Less than 10% of investment property sales yield more than 30% on resale
Buy-to-let purchases are estimated at 7.24% of total home buying activity, according to Q2 2018 FNB Estate Agent Survey. This is down from Q1’s 7.9%.
This is noticeably lower than the 9.77% estimate of Q2 2017, and continues a lengthy period of single-digit percentage estimates for buy-to-let buying.
“Zooming in on South Africa’s major regions, it is the Cape Town housing market which until recently was the strongest regional housing market, that has shown the strongest buy-to-let estimate of 9.5% of total home buying for the first two quarters of 2018,” said FNB household market analyst, John Loos. “The recent estimates of buy-to-let levels in South Africa remain moderate by comparison to last decade’s boom period, where they were estimated as high as around 25% of total home buying at a stage back in 2004.”
While buy-to-let purchasing is non-essential, one of its big potential attractions is the expected capital growth that can be achieved. However, house price growth currently remains benign (4.6% year-on-year average house price growth was recorded in May 2018).
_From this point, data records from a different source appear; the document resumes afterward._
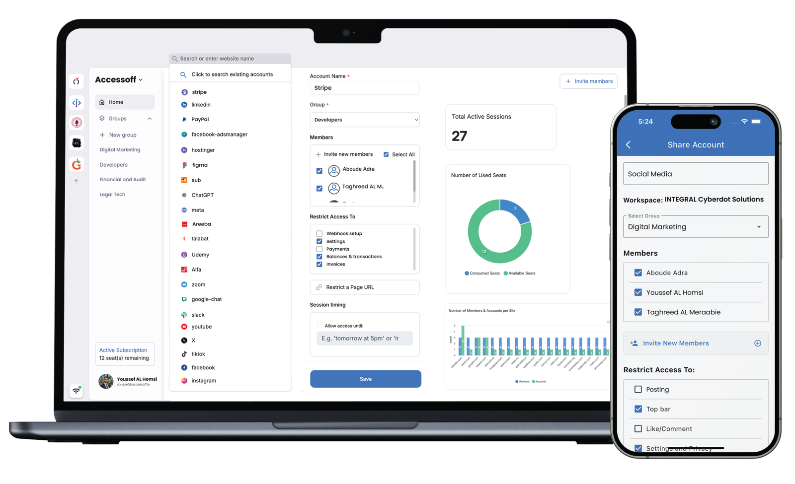 AccessOff grants full control and customized access to any online account, ex: you can share your personal LinkedIn account password-free and with full accessibility customization.
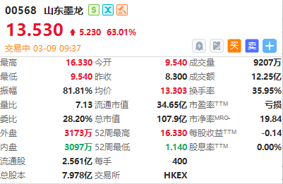 华盛资讯3月9日讯,港股油气、燃气股盘初逆势大涨!山东墨龙飙涨超63%,百勤油服涨超38%,大众公用涨近24%,中石化油服涨超23%。此外,“三桶油”也录得不同程度的涨幅,中国海洋石油涨超6%,中国石油股份涨超5%,中国石油化工股份跌超3%。
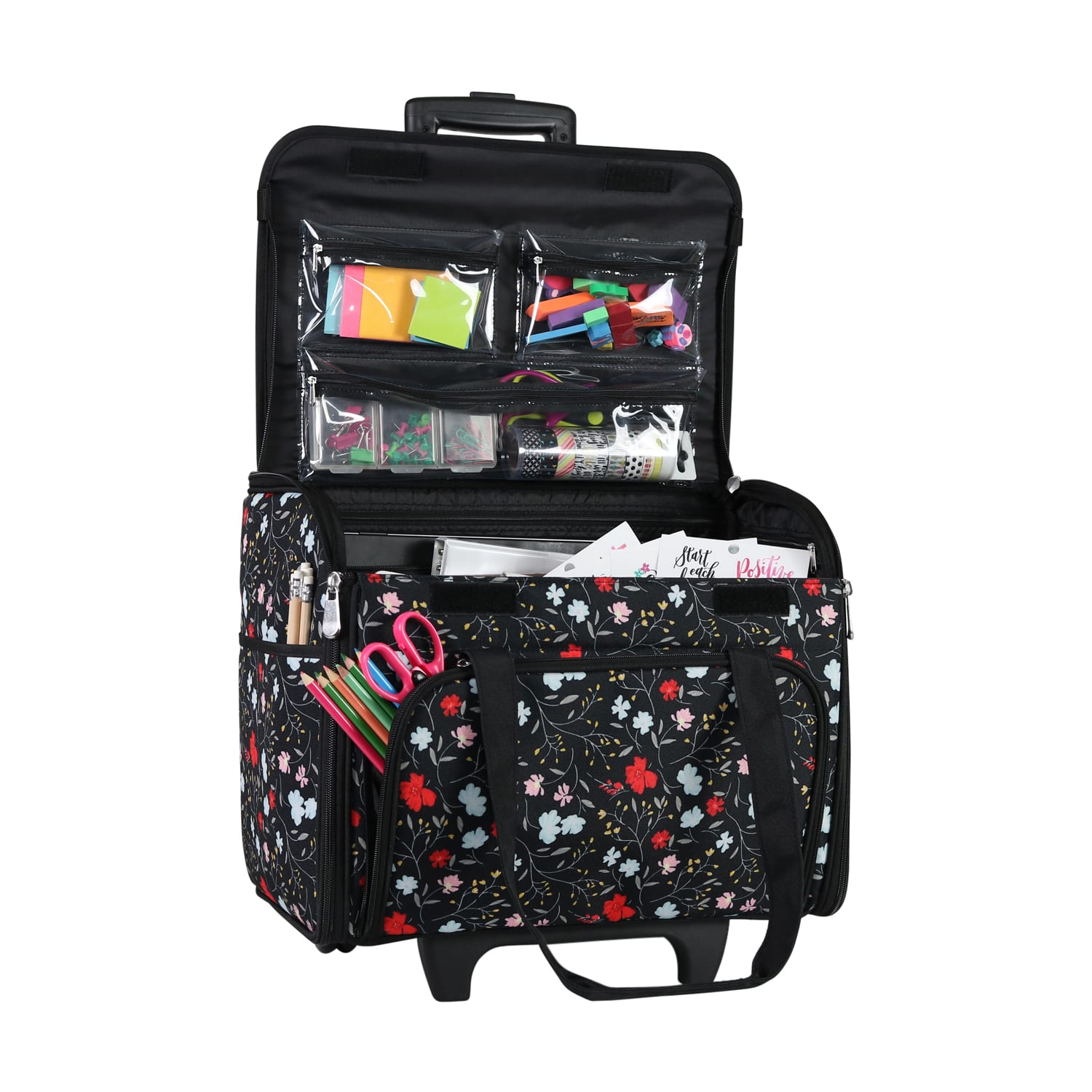 Everything Mary Black Floral Teacher Rolling Tote
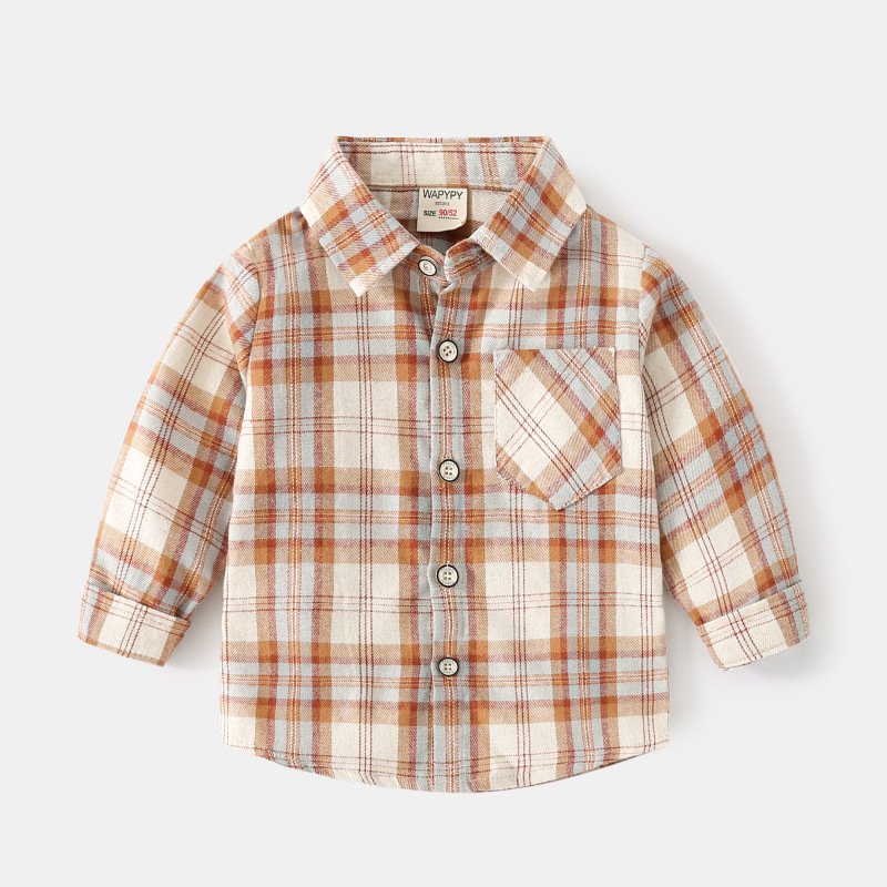 Children Kids Toddlers Boys Plaid Long Sleeve Shirt
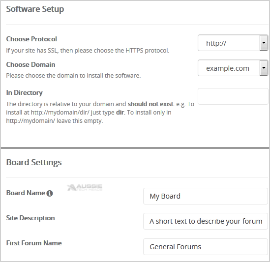 - In Directory: If you want to install this in a directory, for example example.com/forum, enter the directory name. Otherwise, leave this blank to install in your main domain example.com
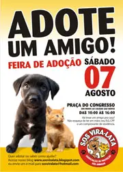 Neste sábado, no centro de Criciúma-SC, véspera do dia dos pais, será realizada mais uma Feira de Adoção de animais adultos e filhotes, promovida pela ONG SOS Vira- Lata. A ação acontece das 10h às 16h na Praça do Congresso, em frente ao colégio São Bento, em Criciúma.
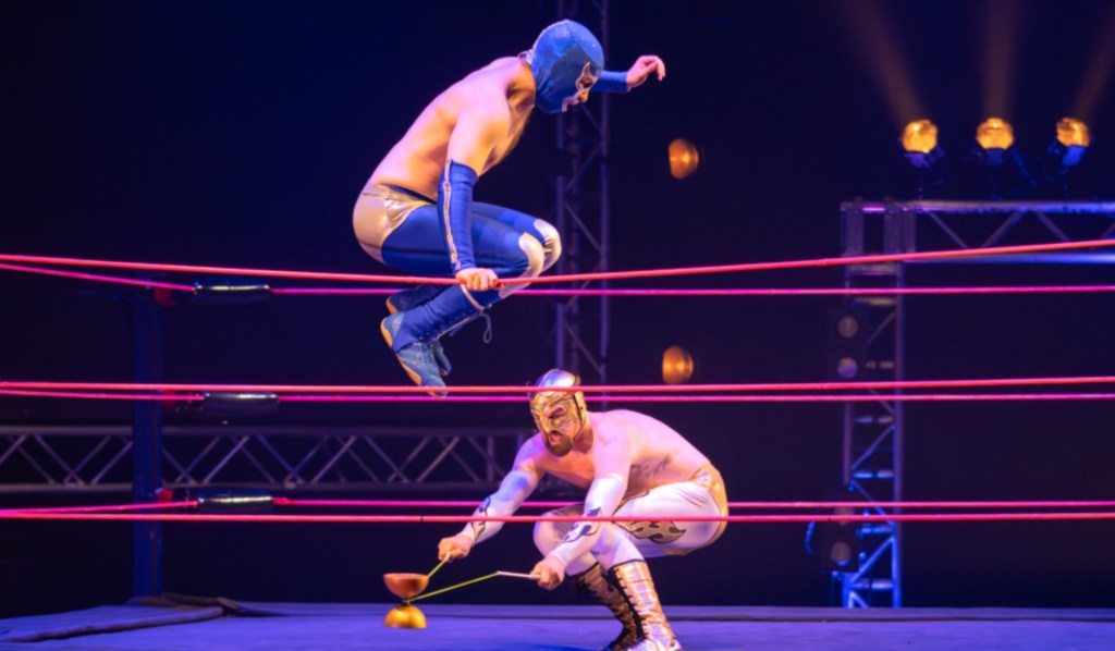 Then we gets our Mexican wrestlers! Our luchadors! A good guy vs a “Diablo” – who is complete with devil horns and a Day of the Dead sidekick! This diablo (Jérémie Arsenault, one of the founding members of FLIP), has a secret weapon that he uses in the ring. He juggles – or rather spools – it out against his foe. He even uses it as a garrote once (eesh!). Can you guess what this weapon is? A diabolo, of course! Get it!? (Oo, oo, oo – idea! — in a future show, have him use this ‘devil on two sticks,’ while on stilts! So, he, too, would be a ‘devil on two sticks!’)
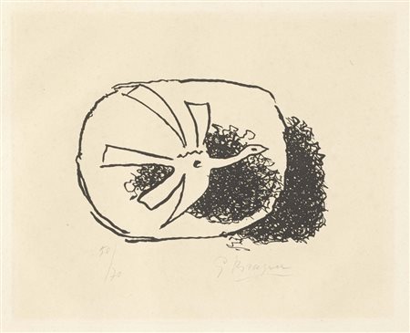 Lot 9 Georges Braque, Argenteuil 1882 - Parigi 1963, Août, 1958, Acquaforte, es. 50/70, cm. 33,7x47,5 (carta), Firma a matita sul margine in basso a destra: Braque, tiratura in basso a sinistra: 50/70, timbro a secco Libreria / Prandi / Reggio / E., Da una serie di sei acqueforti, tiratura di 70 esemplari su carta Auvregne, 10 serie di bozze numerate da I a X, Editore Louis Broder, Parigi, stampatore Crommelynck e Dutrou, Parigi., Bibliografia: Georges Braque. L'opera grafica, Il Saggiatore, Milano, 1962, pp. 82, 83, n. XXIV;, Dora Vallier, Braque. L'oeuvre gravé, catalogue raisonné, Flammarion, 1982, pp. 191, 192, n. 23.,
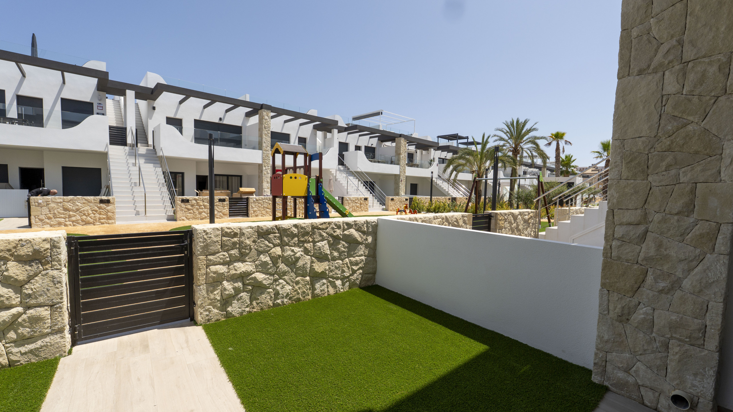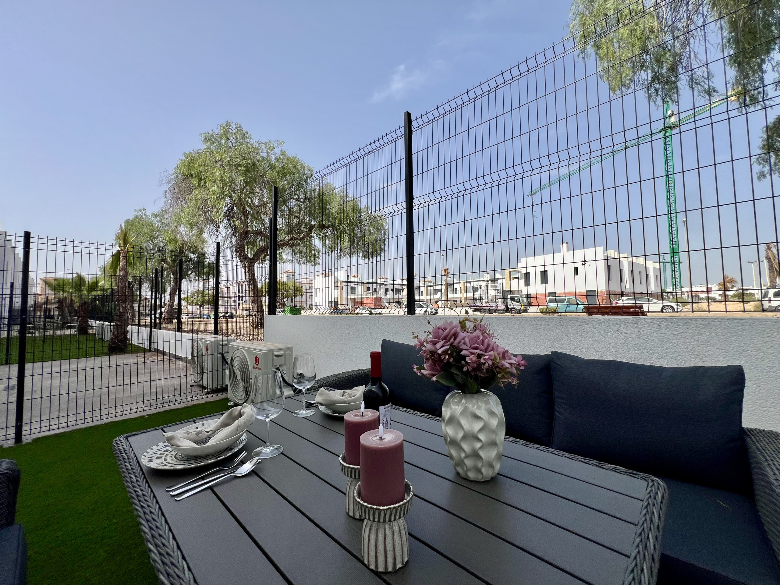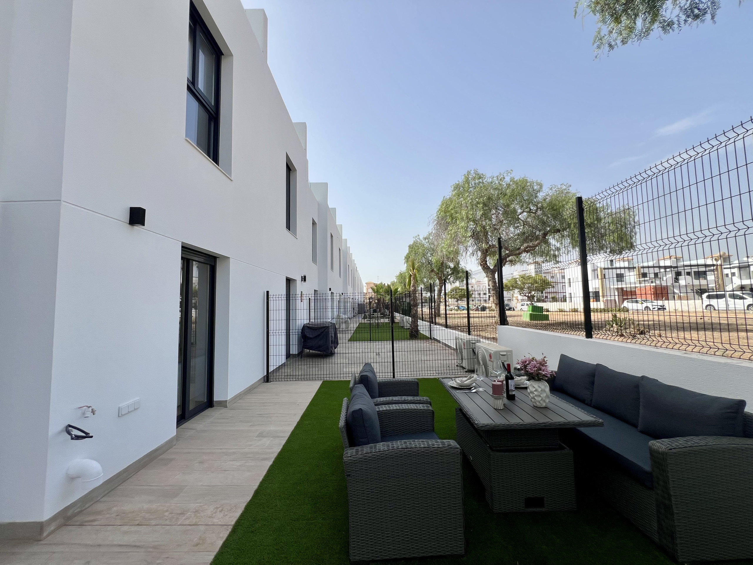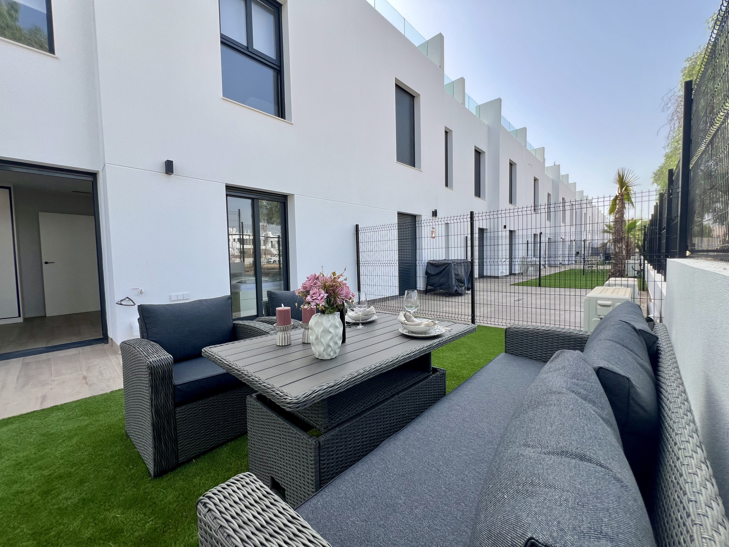 Dispone de jardín, mobiliario jardín, parcela vallada, lavadora, zona infantil, gimnasio, spa, calefacción bomba de calor, aire acondicionado, piscina comunitaria+infantil, 1 Televisor.
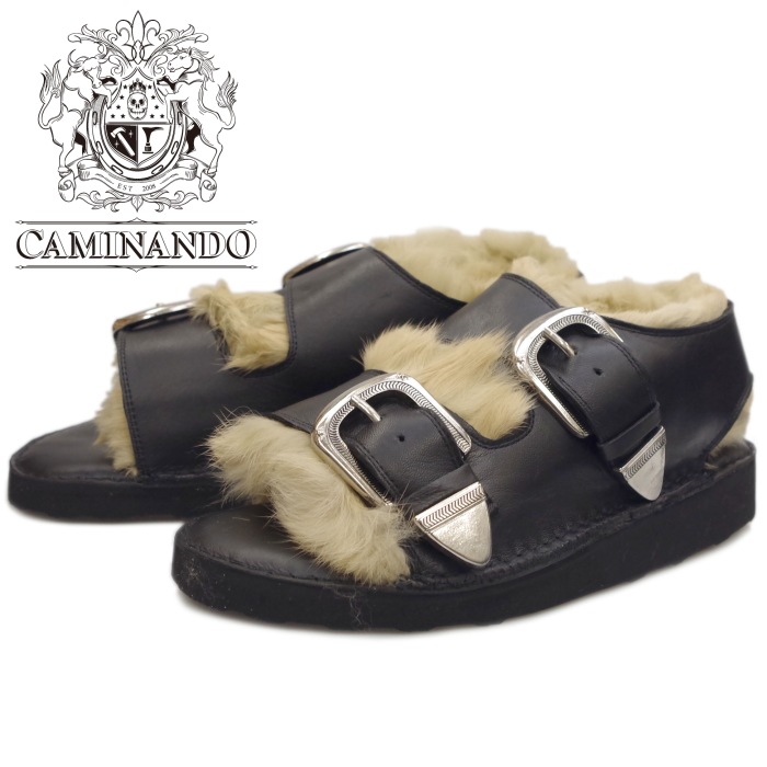 CAMINANDO カミナンド 19115 TWO STRAP FUR SHOES メンズ ファーサンダル ストラップ リアルファ...
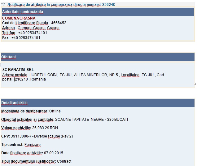 Primul contract parafat, în toamnă, de Vamvu și Puiu Diaconescu a privit achiziționarea de către Primăria Crasna a unor scaune tapițate negre, aflate, culmea, pe stocul magazinului de mobilă din Târgu-Jiu, patronat de familia liberalului. Mai exact, primăria necesită, pe 7 septembrie 2015, tocmai 300 de scaune tapițate negre. Pentru 26.083,92 de lei, Puiu Diaconescu se angajează să aducă obiectele de mobilier primăriei, contractul fiind rapid parafat mai ales că la mijloc era doar o negociere. Primăria, care se mai abonase de mai multe ori, la scaunele lui Puiu Diaconescu, evident că nu face eforturi să găsească vreo ofertă mult mai avantajoasă, chiar dacă în municipiu există numeroase magazine de profil.
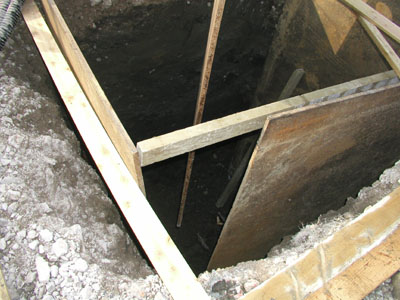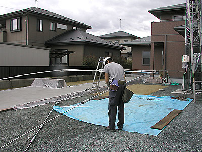 土地は3メートル掘っても水が出てこなく粘土質の土壌のため耐圧は充分ある。4面に鉄板を入れて補強してある。 アース用の銅板を敷き、アース棒を数本打ち込みし、土を戻している。 |
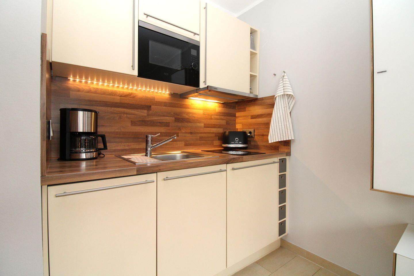 Die moderne offene Küche beinhaltet eine voll ausgestattete Einbauküchenzeile mit 2-Zonen- Ceran-Kochfeld, Dunstabzug, Mikrowelle, Kühlschrank mit Gefrierfach, Geschirrspülmaschine, Kaffeemaschine, Wasserkocher und Toaster. Auf Wunsch stellen wir Ihnen auch gerne einen portablen Backofen zur Verfügung. Die Küche ist mit Geschirr, Gläsern, Besteck und Töpfen komplett ausgestattet.
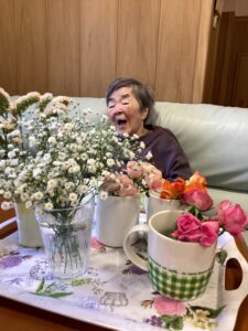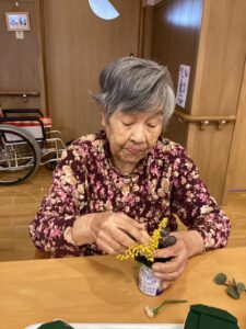 ユニット華では、春を感じていただこうとフラワーアレンジメントを行いました。
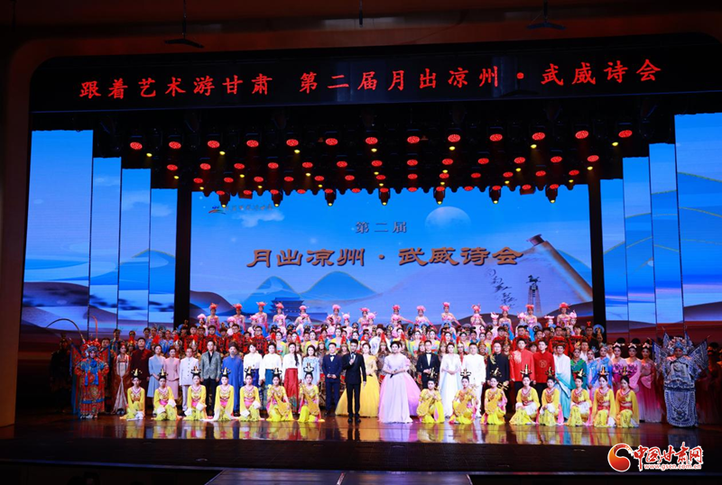 中國甘肅網(wǎng)9月27日訊(西北角·中國甘肅網(wǎng)記者 張振國 文/圖)醉聽古來橫吹曲,雄心一片在西涼。9月25日晚,由甘肅省文旅廳主辦,中共武威市委宣傳部、武威市文體廣電和旅游局承辦的“跟著藝術游甘肅——第二屆月出涼州·武威詩會”在西涼大劇院舉行,再現(xiàn)昨日繁華與今朝盛世,開啟了穿越古今的文化之旅。
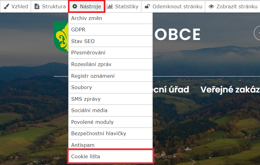 2) Na vrchní nástrojové liště vyberte Nástroje - Cookie lišta.
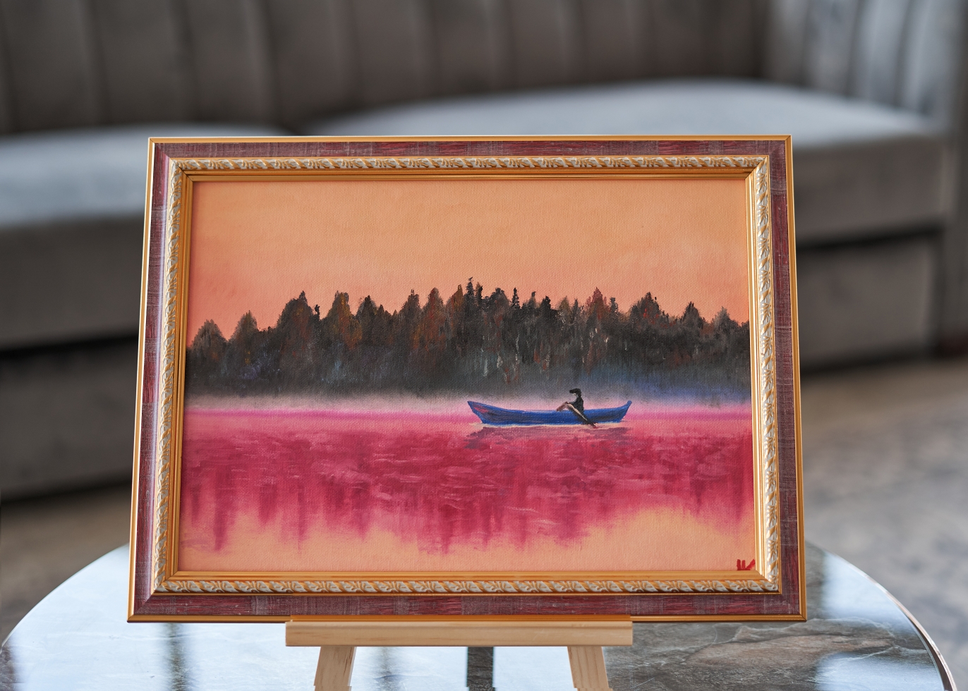 Я ее писала во вдохновляющем состоянии, изображая волшебное утро, человека, который плывет, наслаждаясь происходящим, возможно, на рыбалку. Он находится в гармонии с окружением, не нарушая ее пробуждение, а являясь ее абсолютной частью. Он счастлив, делая каждый взмах веслом, разрезая им туманный воздух, продвигаясь все дальше в сопровождающих его звуках пробудившейся природы.
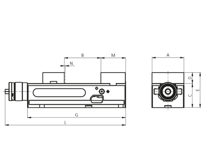 Maskinskruvstycke gripos 160 för stora spännvidder. 2 x baskroppar, dragstångsförlängning.

“For those more focused on the rental income stream, rental growth has not been overly exciting either,” he said. “The latest Stats SA CPI-Rental survey recorded 5.14% year-on-year rental growth, only marginally better than our most recent house price growth estimate.”
For investors selling their properties, FNB reports that an estimated 9.25% of resold investment properties achieved values in excess of 30% higher than the previous purchase price. This is significantly lower than the 17% achieved in 2016.